◆ BRIEF ◆
In the listing below, start your output at the line with "Il 18 dicembre" and end it after the line with "Lot 23: South", copying every line exactly.

◆ TASK INPUTS ◆

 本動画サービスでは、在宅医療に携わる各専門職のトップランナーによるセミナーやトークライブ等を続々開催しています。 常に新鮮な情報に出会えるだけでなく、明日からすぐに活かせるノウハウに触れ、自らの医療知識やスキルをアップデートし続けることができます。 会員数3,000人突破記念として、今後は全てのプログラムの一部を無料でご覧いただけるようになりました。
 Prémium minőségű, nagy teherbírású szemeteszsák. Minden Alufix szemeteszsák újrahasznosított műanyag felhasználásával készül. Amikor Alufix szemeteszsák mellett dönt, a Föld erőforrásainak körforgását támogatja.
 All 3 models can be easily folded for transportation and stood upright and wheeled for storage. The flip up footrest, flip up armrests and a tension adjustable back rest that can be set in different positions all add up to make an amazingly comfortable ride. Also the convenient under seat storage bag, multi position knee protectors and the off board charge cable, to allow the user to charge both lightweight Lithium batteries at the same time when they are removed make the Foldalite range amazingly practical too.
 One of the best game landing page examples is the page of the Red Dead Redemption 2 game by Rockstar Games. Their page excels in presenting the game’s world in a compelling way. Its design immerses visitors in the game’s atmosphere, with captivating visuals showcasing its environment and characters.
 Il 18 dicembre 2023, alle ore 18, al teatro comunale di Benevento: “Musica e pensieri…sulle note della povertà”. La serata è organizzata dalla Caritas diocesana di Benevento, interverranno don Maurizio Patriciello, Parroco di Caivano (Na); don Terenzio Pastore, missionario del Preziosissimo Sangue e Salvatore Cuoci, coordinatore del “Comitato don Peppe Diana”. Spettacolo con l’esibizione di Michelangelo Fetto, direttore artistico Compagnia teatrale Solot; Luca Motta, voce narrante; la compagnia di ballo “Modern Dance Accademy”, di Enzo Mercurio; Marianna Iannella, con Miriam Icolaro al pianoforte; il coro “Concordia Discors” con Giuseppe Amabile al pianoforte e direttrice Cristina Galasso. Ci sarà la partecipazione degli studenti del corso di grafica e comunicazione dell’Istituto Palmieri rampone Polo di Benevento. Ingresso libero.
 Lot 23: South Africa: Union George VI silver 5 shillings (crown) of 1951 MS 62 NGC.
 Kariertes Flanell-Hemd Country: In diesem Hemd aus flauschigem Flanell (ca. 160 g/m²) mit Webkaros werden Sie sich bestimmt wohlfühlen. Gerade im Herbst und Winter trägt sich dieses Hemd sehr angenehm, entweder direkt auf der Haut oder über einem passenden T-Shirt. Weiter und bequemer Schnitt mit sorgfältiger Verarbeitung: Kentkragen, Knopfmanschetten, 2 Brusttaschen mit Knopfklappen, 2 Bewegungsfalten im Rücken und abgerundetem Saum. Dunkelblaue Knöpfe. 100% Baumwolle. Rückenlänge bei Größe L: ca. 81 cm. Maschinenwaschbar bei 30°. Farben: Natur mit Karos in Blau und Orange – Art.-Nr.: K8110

* * *

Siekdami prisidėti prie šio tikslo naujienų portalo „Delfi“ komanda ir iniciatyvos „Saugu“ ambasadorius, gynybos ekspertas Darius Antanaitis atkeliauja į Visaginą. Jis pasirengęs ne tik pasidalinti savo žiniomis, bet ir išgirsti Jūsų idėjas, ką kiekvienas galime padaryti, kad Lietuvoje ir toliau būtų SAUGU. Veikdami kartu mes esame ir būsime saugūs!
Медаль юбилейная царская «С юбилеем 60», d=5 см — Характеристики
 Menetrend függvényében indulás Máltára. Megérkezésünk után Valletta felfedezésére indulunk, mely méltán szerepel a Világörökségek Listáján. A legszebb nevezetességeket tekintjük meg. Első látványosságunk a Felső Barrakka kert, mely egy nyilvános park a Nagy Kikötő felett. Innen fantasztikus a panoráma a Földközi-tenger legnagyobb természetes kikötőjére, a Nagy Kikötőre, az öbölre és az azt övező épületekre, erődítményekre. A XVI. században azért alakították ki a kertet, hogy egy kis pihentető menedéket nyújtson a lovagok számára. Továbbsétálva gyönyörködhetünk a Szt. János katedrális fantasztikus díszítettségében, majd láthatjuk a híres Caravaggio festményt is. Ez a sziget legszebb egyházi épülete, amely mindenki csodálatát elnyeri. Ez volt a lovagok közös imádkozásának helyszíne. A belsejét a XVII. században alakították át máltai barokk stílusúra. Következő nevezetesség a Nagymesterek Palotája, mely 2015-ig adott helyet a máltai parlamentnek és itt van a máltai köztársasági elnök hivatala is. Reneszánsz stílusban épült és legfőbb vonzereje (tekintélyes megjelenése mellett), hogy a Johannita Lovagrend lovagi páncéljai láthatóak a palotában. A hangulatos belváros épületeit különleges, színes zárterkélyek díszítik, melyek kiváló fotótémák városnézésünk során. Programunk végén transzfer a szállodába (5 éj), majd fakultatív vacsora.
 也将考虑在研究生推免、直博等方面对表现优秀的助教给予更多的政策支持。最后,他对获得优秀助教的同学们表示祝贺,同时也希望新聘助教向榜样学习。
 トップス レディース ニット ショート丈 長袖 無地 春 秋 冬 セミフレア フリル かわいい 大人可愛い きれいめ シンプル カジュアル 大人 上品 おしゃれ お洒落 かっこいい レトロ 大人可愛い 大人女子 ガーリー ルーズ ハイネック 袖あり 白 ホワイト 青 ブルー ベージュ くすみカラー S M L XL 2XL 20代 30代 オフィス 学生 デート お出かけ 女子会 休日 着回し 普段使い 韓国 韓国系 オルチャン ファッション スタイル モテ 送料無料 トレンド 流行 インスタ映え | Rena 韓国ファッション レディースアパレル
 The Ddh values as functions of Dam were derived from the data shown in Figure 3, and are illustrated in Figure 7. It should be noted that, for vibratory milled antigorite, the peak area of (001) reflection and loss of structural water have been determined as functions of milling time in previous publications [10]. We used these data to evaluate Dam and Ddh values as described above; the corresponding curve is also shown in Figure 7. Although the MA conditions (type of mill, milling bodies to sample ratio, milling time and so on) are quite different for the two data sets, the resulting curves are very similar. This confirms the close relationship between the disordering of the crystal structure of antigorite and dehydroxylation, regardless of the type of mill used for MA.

◆ THE COMPLETED TASK ◆
 Il 18 dicembre 2023, alle ore 18, al teatro comunale di Benevento: “Musica e pensieri…sulle note della povertà”. La serata è organizzata dalla Caritas diocesana di Benevento, interverranno don Maurizio Patriciello, Parroco di Caivano (Na); don Terenzio Pastore, missionario del Preziosissimo Sangue e Salvatore Cuoci, coordinatore del “Comitato don Peppe Diana”. Spettacolo con l’esibizione di Michelangelo Fetto, direttore artistico Compagnia teatrale Solot; Luca Motta, voce narrante; la compagnia di ballo “Modern Dance Accademy”, di Enzo Mercurio; Marianna Iannella, con Miriam Icolaro al pianoforte; il coro “Concordia Discors” con Giuseppe Amabile al pianoforte e direttrice Cristina Galasso. Ci sarà la partecipazione degli studenti del corso di grafica e comunicazione dell’Istituto Palmieri rampone Polo di Benevento. Ingresso libero.
 Lot 23: South Africa: Union George VI silver 5 shillings (crown) of 1951 MS 62 NGC.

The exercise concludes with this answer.